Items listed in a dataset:
━━━

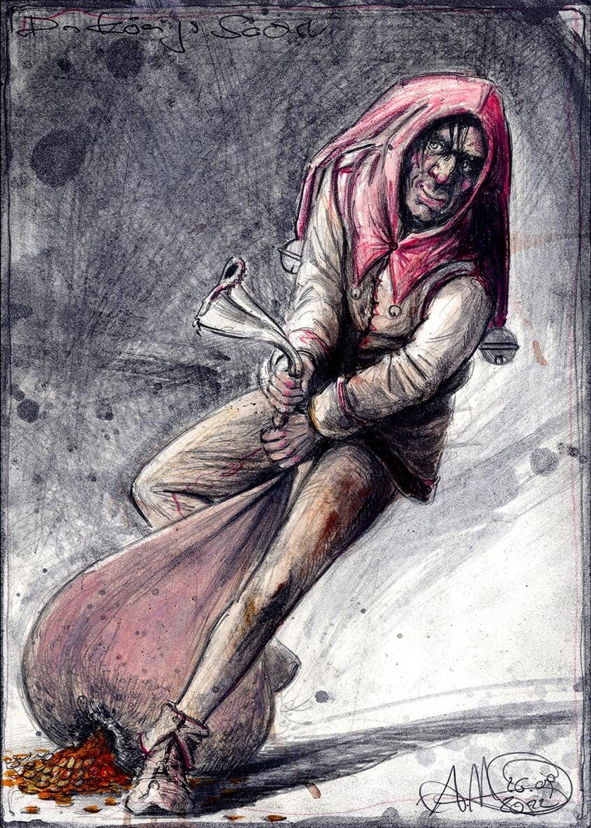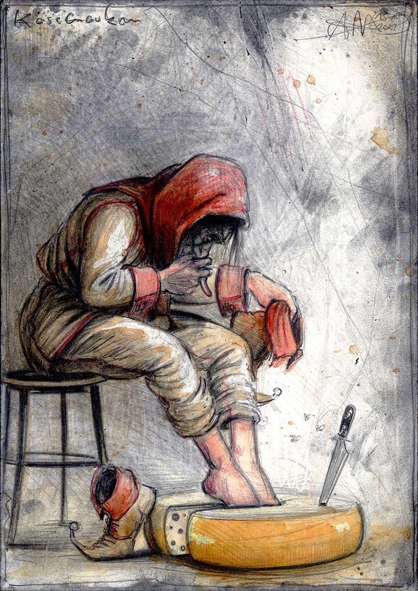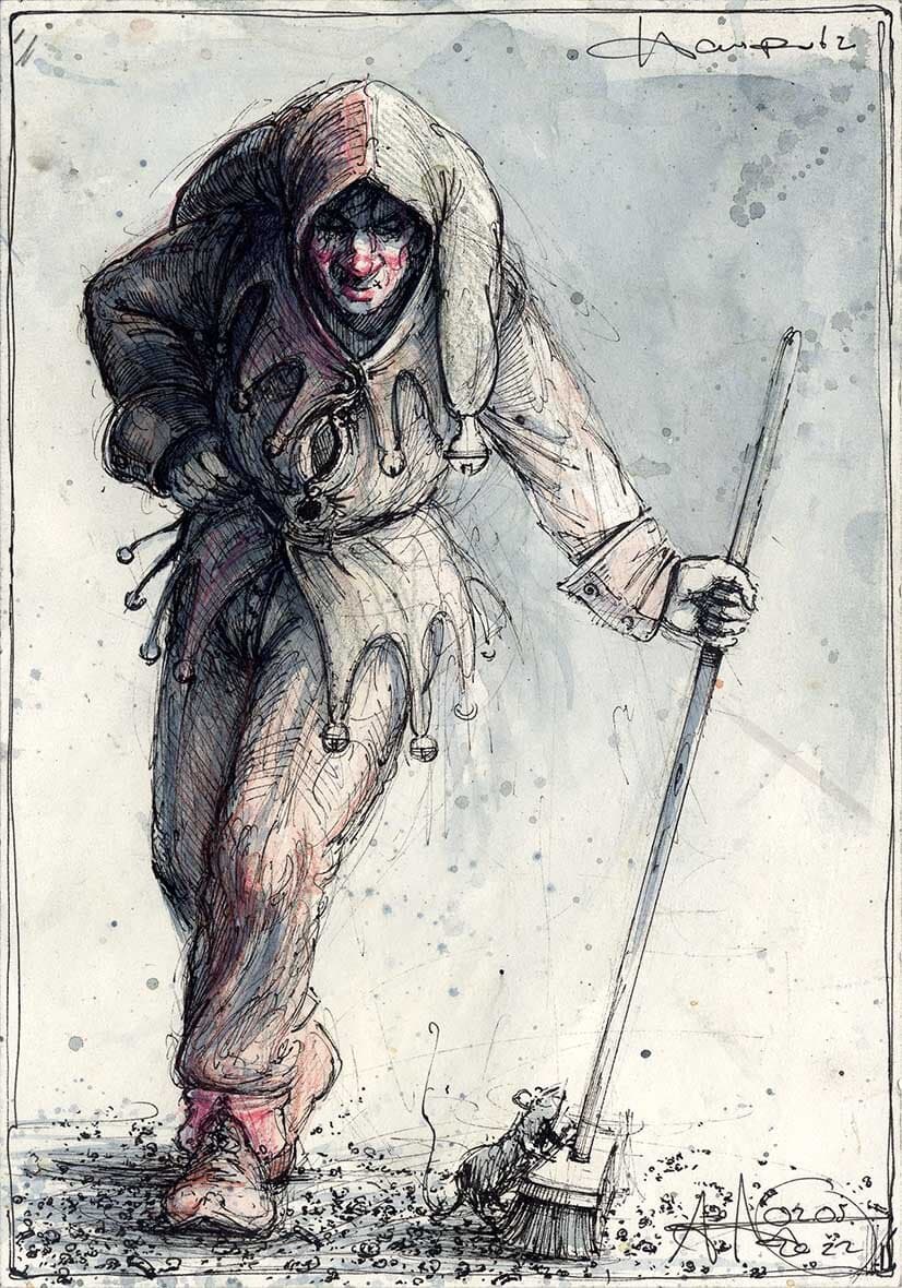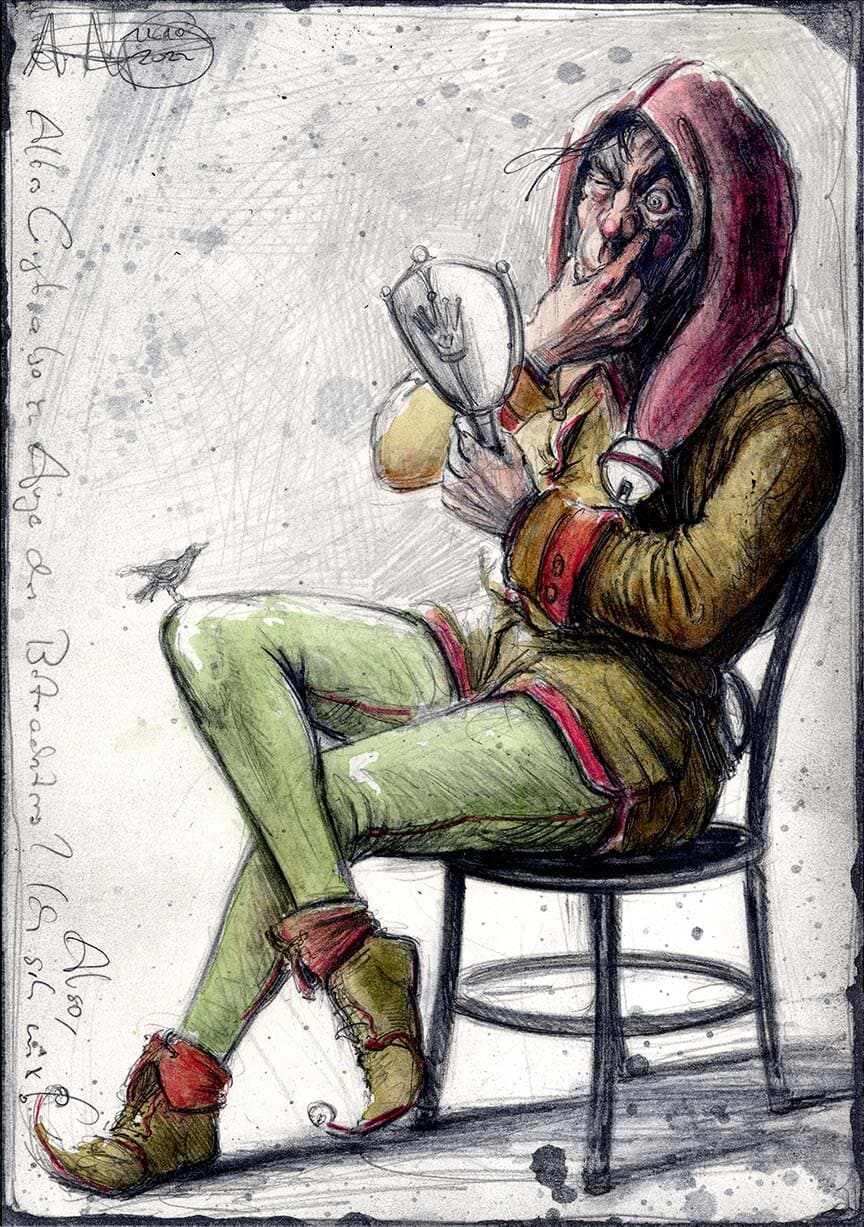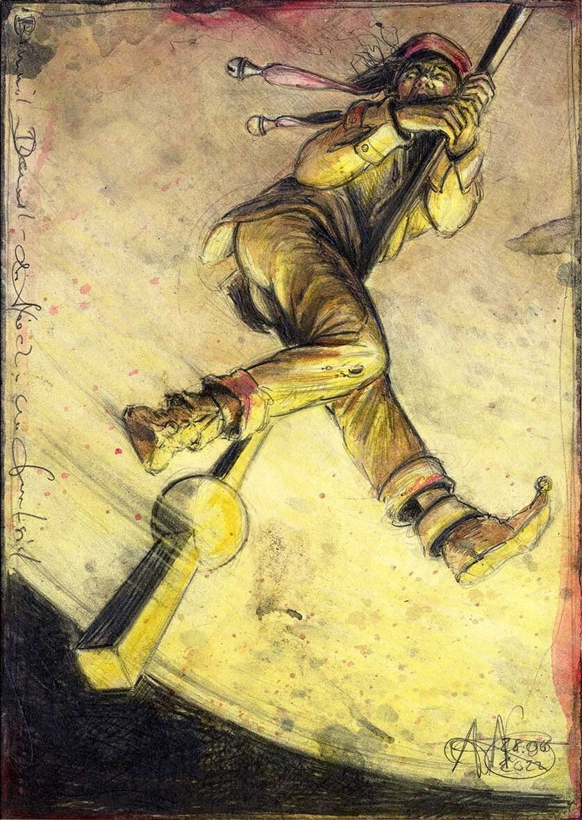 Federzeichnung, Farbstift, Aquarell
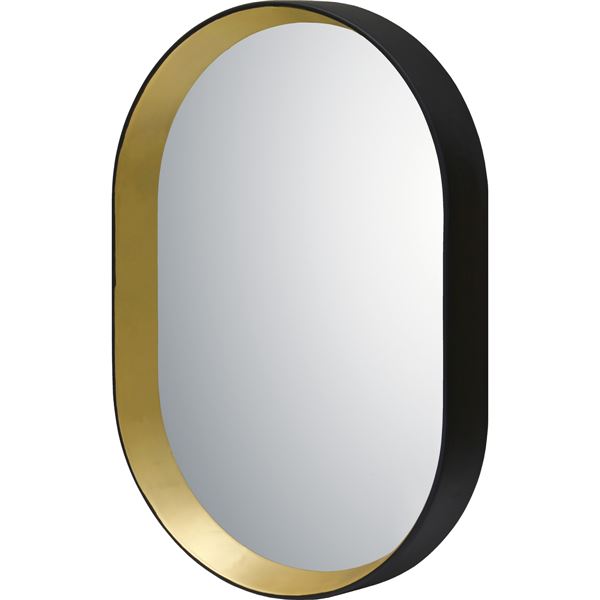 [オーバル]ミラーは、75ミリの奥行きがあるマットブラックのフレーム。内側は60ミリの深さがあるマットなゴールドを配したゴージャスなデザイン。
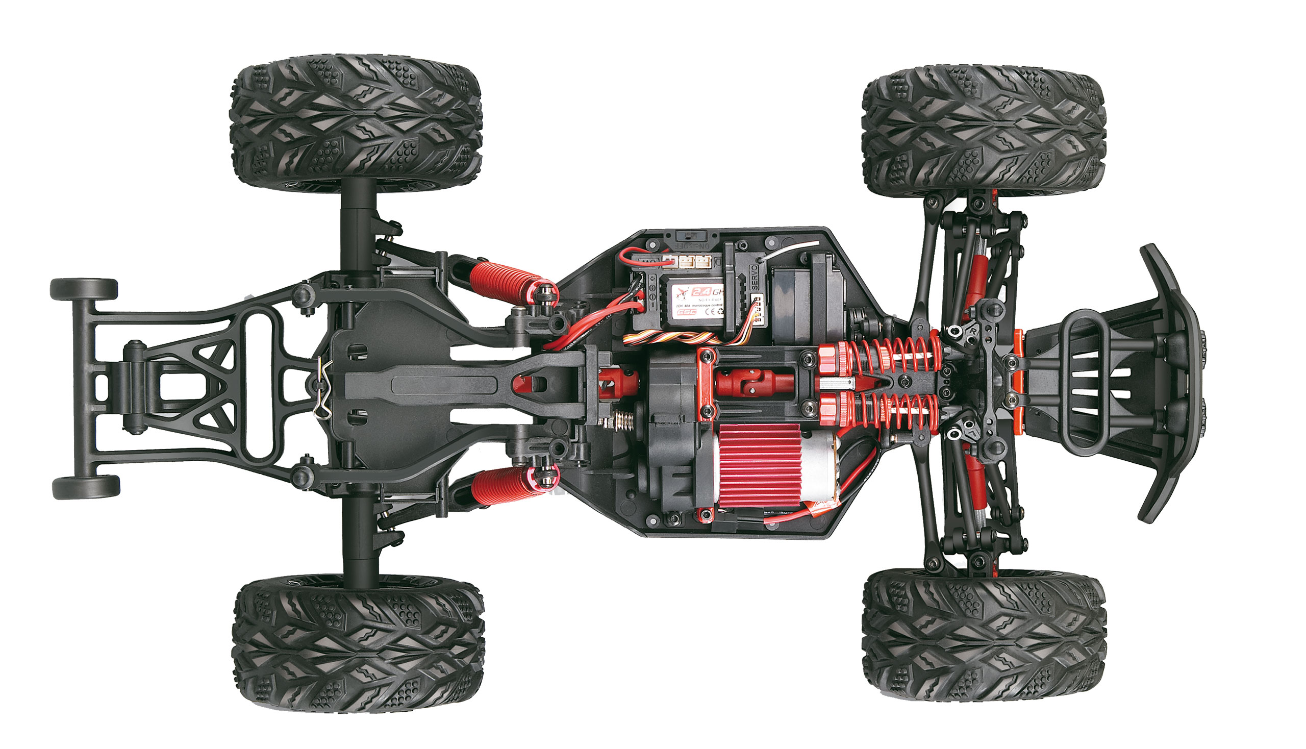 X-King, 4WD RTR Monstertruck im Maßstab 1:12. Egal ob Funpark, Tracks oder hohe Jumps – der X-King ist für radikale Action bereit. Starrachse hinten, Ultra Suspension Aufhängung sorgen für maximale Geländegängigkeit. Blitzschnell von Rechts- auf Linkshänder Steuerung umschaltbar. Leistungsstarker 380’er Elektromotor. Permanenter 4-Rad Antrieb für beste Performance. Lithium Ionen Akku sorgt für lange Fahrzeit, maximale Power und Betriebssicherheit.
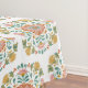 This tablecloth has a floral talavera style tile design. Colors include blue, yellow, pink, white and coral.
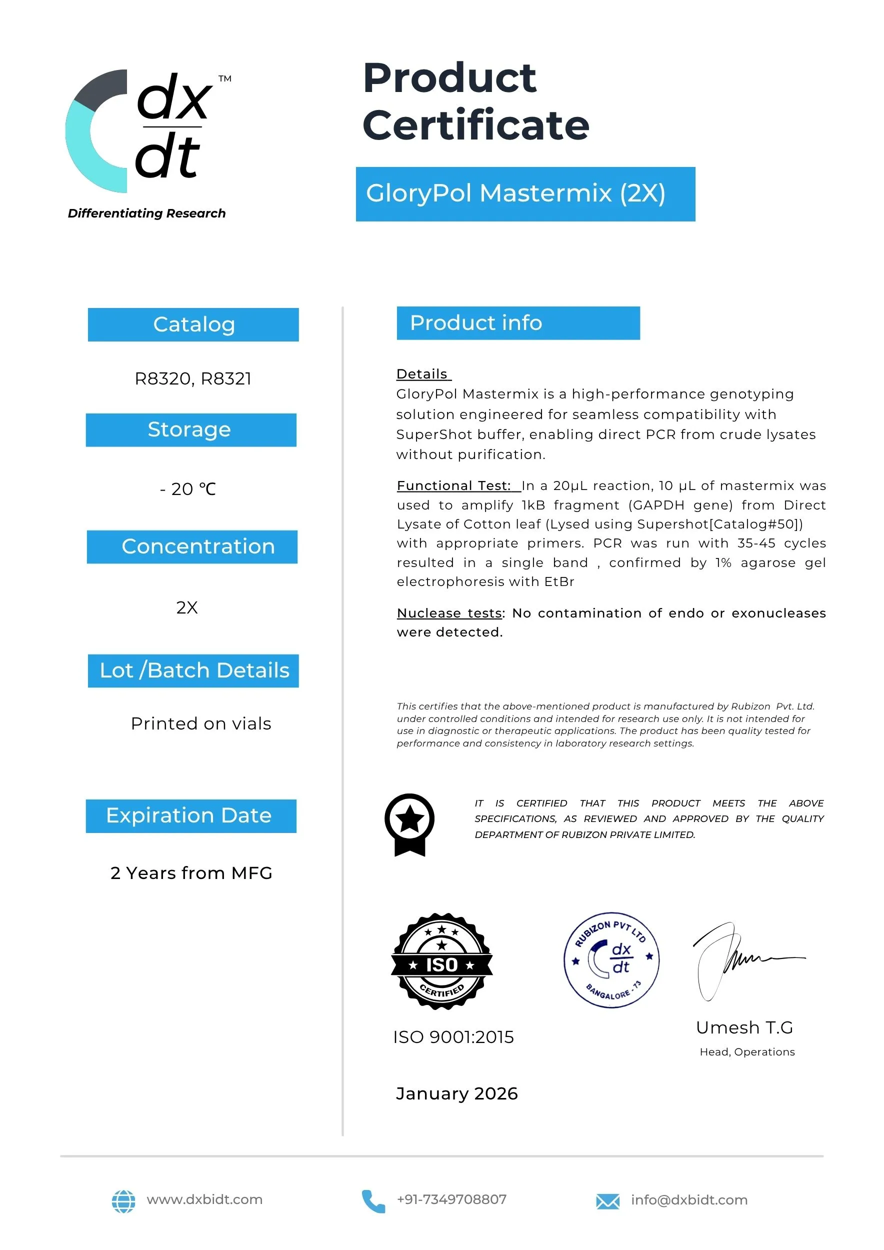 - GloryPol™ Mastermix (2X): 1ml X 5 Vials
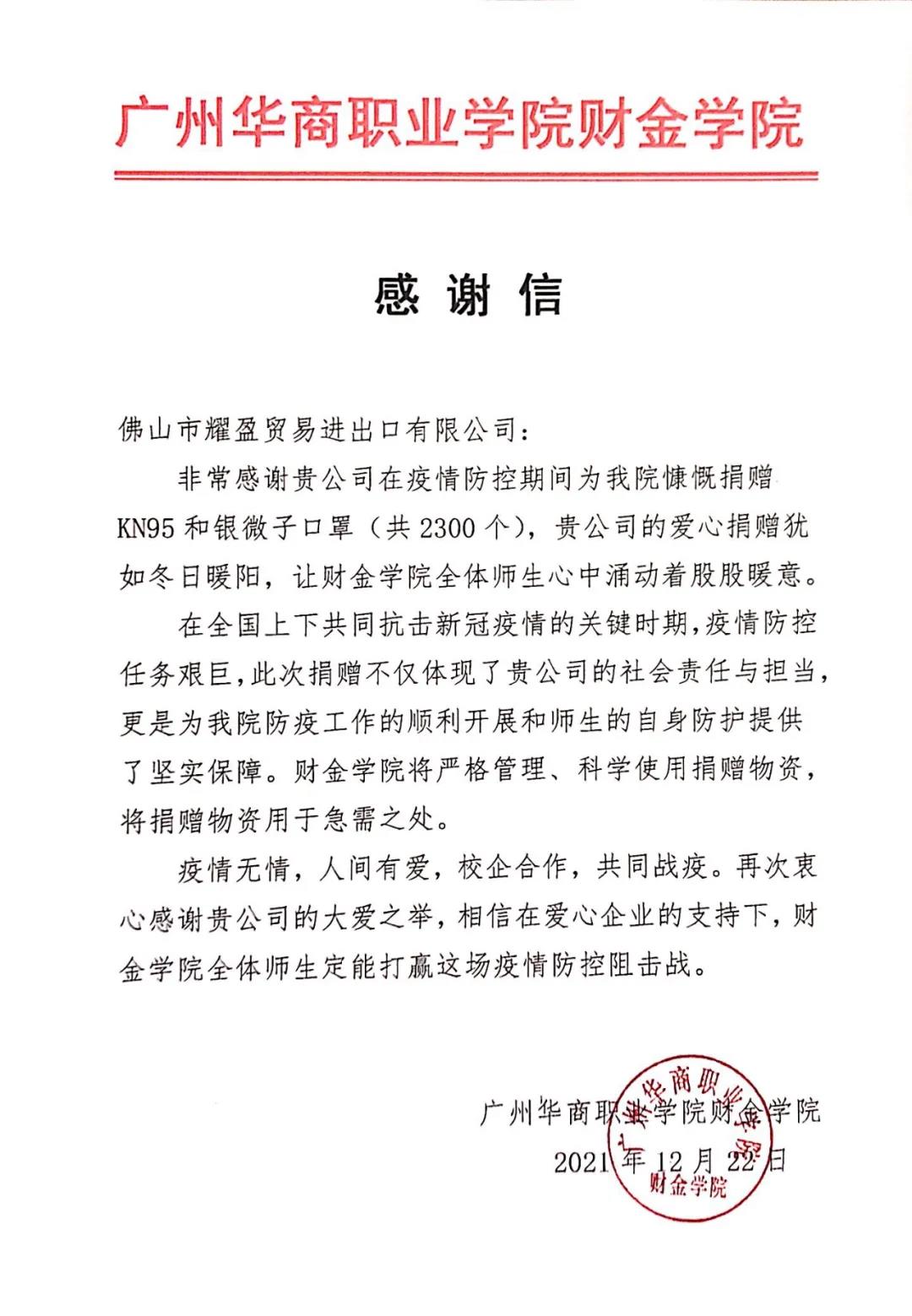 12月22日下午,2021级学生杨衡辉、安镇东、朱旻阳代表佛山市耀盈贸易进出口有限公司向我院捐赠2300个KN95和银微子口罩,财金学院李哲院长、党总支金新凯副书记、陈少兰副院长、殷建玲副院长和郑傲然辅导员共同参与了此次物资捐赠仪式。
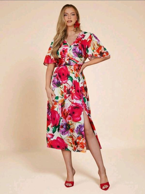 Новый, единственный экземпляр в магазине. Очень красивое длинное платье в цветочный принт. Спереди есть разрез на ножке, а на сеине резинка. Ткань легкая, совсем не мнется, не парит. Размер L можно на M-L Длина 122 см Ширина под подмышками 49 см Ширина талии 38 см (резинка на спине тянется) Ширина по бедрам 67 см Ширина плечей 40 см Длина рукава 29 см 100% полиэстер
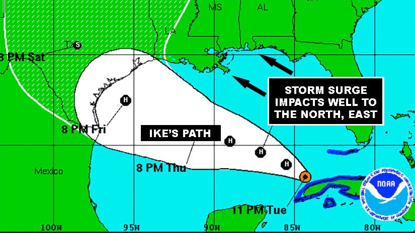Ike's path was directly into the Texas coast in 2008, but storm surge inundation occurred as far east as southeastern Louisiana, Mississippi, Alabama and the Florida Panhandle. (NOAA)

━━━

Give every record again without changing a word. Exclude the pictures.

 Federzeichnung, Farbstift, Aquarell
 [オーバル]ミラーは、75ミリの奥行きがあるマットブラックのフレーム。内側は60ミリの深さがあるマットなゴールドを配したゴージャスなデザイン。
 X-King, 4WD RTR Monstertruck im Maßstab 1:12. Egal ob Funpark, Tracks oder hohe Jumps – der X-King ist für radikale Action bereit. Starrachse hinten, Ultra Suspension Aufhängung sorgen für maximale Geländegängigkeit. Blitzschnell von Rechts- auf Linkshänder Steuerung umschaltbar. Leistungsstarker 380’er Elektromotor. Permanenter 4-Rad Antrieb für beste Performance. Lithium Ionen Akku sorgt für lange Fahrzeit, maximale Power und Betriebssicherheit.
 This tablecloth has a floral talavera style tile design. Colors include blue, yellow, pink, white and coral.
 - GloryPol™ Mastermix (2X): 1ml X 5 Vials
 12月22日下午,2021级学生杨衡辉、安镇东、朱旻阳代表佛山市耀盈贸易进出口有限公司向我院捐赠2300个KN95和银微子口罩,财金学院李哲院长、党总支金新凯副书记、陈少兰副院长、殷建玲副院长和郑傲然辅导员共同参与了此次物资捐赠仪式。
 Новый, единственный экземпляр в магазине. Очень красивое длинное платье в цветочный принт. Спереди есть разрез на ножке, а на сеине резинка. Ткань легкая, совсем не мнется, не парит. Размер L можно на M-L Длина 122 см Ширина под подмышками 49 см Ширина талии 38 см (резинка на спине тянется) Ширина по бедрам 67 см Ширина плечей 40 см Длина рукава 29 см 100% полиэстер
Ike's path was directly into the Texas coast in 2008, but storm surge inundation occurred as far east as southeastern Louisiana, Mississippi, Alabama and the Florida Panhandle. (NOAA)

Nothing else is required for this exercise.